Coyote tracks led to a hole dug in the snow, with the body of a shrew lying on top of the snow next to the hole. Apparently a coyote had succeeded in catching the prey it had heard, but upon smelling this tiny insectivore, the coyote decided it wasn’t that hungry. In addition to having poisonous saliva that immobilizes small prey, shrews possess two glands on their sides that emit an unpleasant odor, detectable even by human noses. Although this odor did discourage the coyote from eating the shrew, it wasn’t enough to save its life.
It’s often a lot easier to find signs of otters than otters themselves. Recently I discovered two dead crayfish on the shore of a mostly iced-over pond that I knew was inhabited by otters. Nearby otter scat confirmed that these crayfish were probably left by satiated otters. The most important prey item in a majority of otter scat analysis studies is fish, followed closely by crayfish. Otters will take advantage of other prey, such as frogs, salamanders, ducks, muskrats, an occasional young beaver, mice, snakes, insects and even turtles when readily obtainable, but fish and crayfish are first and second choices.

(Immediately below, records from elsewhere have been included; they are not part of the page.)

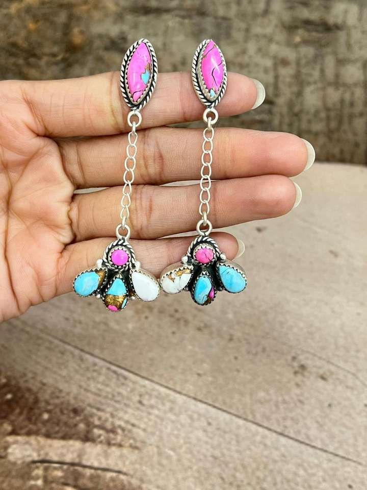 Handmade Sterling Silver Cotton Candy Turquoise Dangle Earrings Unique Gemstone Jewelry Gift For Her Today
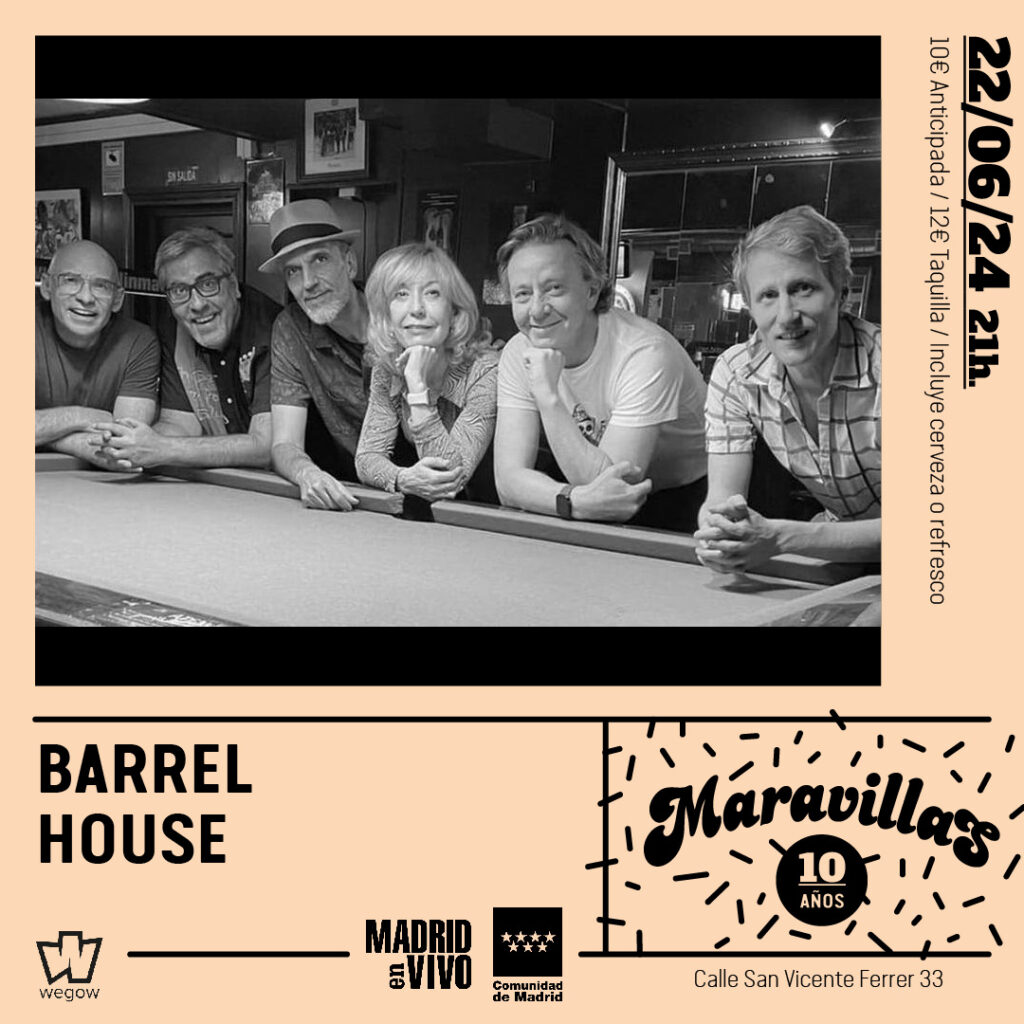 Barrel House es un grupo madrileño que hace un recorrido por los temas más clásicos y enérgicos del género, desde Robert Johnson o Muddy Waters, pasando por los gigantes B.B.King o Fredy King hasta llegar a los grandes del blues de hoy en día, acercándose también a géneros cercanos como el soul o el swing.
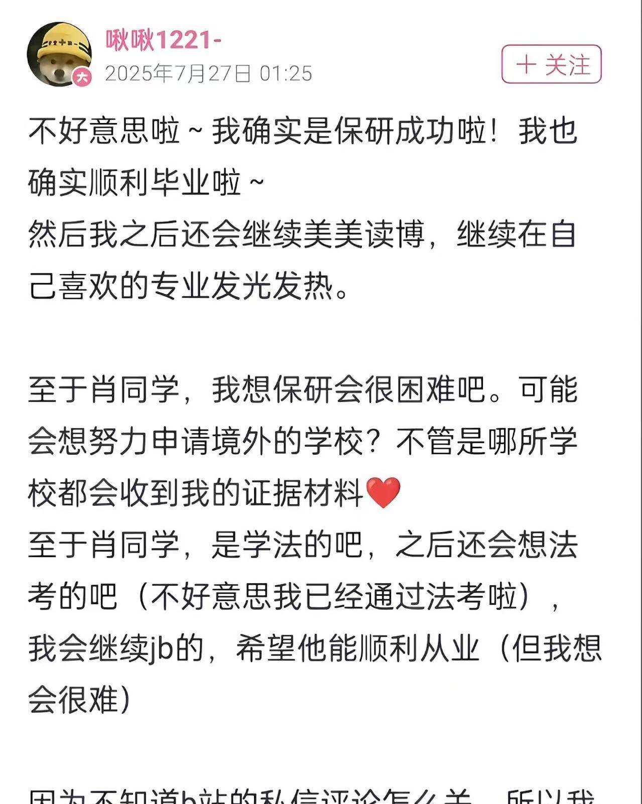 为啥大家对武大硕士杨景媛如此痛恨?因为这类女性有着极为鲜明且令人厌恶的共性。7月25日法院一审判决认定,肖某某因特应性皮炎发作而做出抓挠动作,并非性骚扰行为,驳回杨景媛全部诉讼请求后,杨景媛不仅拒不道歉,坚称自己没错,还高调炫耀自己 “保研成功”“继续读博”,甚至威胁要向肖某某申请的所有院校投递 “举报材料”,试图继续迫害这个已然遭受巨大创伤的无辜男生。 和翟欣欣(敲诈勒索前夫致死)、燕冬萍(离婚案)、张薇(广州地铁偷拍)之类的人如出一辙,她们在行事风格上,往往步步紧逼,网曝开盒,丝毫不给他人留有余地; 在面对问题时,极为擅长黑白颠倒,将无理之事说得头头是道,不把人置于绝境绝不罢休;一旦与他人产生矛盾,没理也要辩三分,得理更是不饶人,在她们的认知里,自己永远不会犯错,错的永远是对方。 在此次事件中,即便法院已经做出公正判决,杨景媛依旧固执己见,对自己给肖某某及其家庭造成的巨大伤害毫无悔意,反而变本加厉地进行威胁。这种行为不仅扰乱了公共秩序,也侵犯了他人的合法权益,显得极为可恶,这类女性一旦步入婚姻,对于男方而言,极有可能成为一场灾难。 另外杨景媛是法学专业的硕士研究生,大家也担心这样一个道德有缺陷的人走向社会后,会让更多无辜的人遭受伤害,香港浸会大学录取其为博士生要慎重,应重新审视其入学资格。#武大性骚扰事件涉事女生在港读博##头号创作者激励计划#

I have never heard of this particular fisher hunting technique, nor have I seen or read about it before, but there’s no denying that a fisher made these marks in the snow and that they tell the story of how it captured a mouse or vole. It’s likely that the fisher could hear or smell that the rodent tunnel in the subnivean layer was occupied. It looks as though the fisher methodically scraped snow towards the center of the circle, going completely around the tree in an attempt to trap and/or expose the mouse or vole within the circle. It succeeded in opening up the rodent tunnel (the hole is in the dead center of the photograph), and if the tiny droplets of blood on the snow near the hole are any indication, was successful in capturing its prey.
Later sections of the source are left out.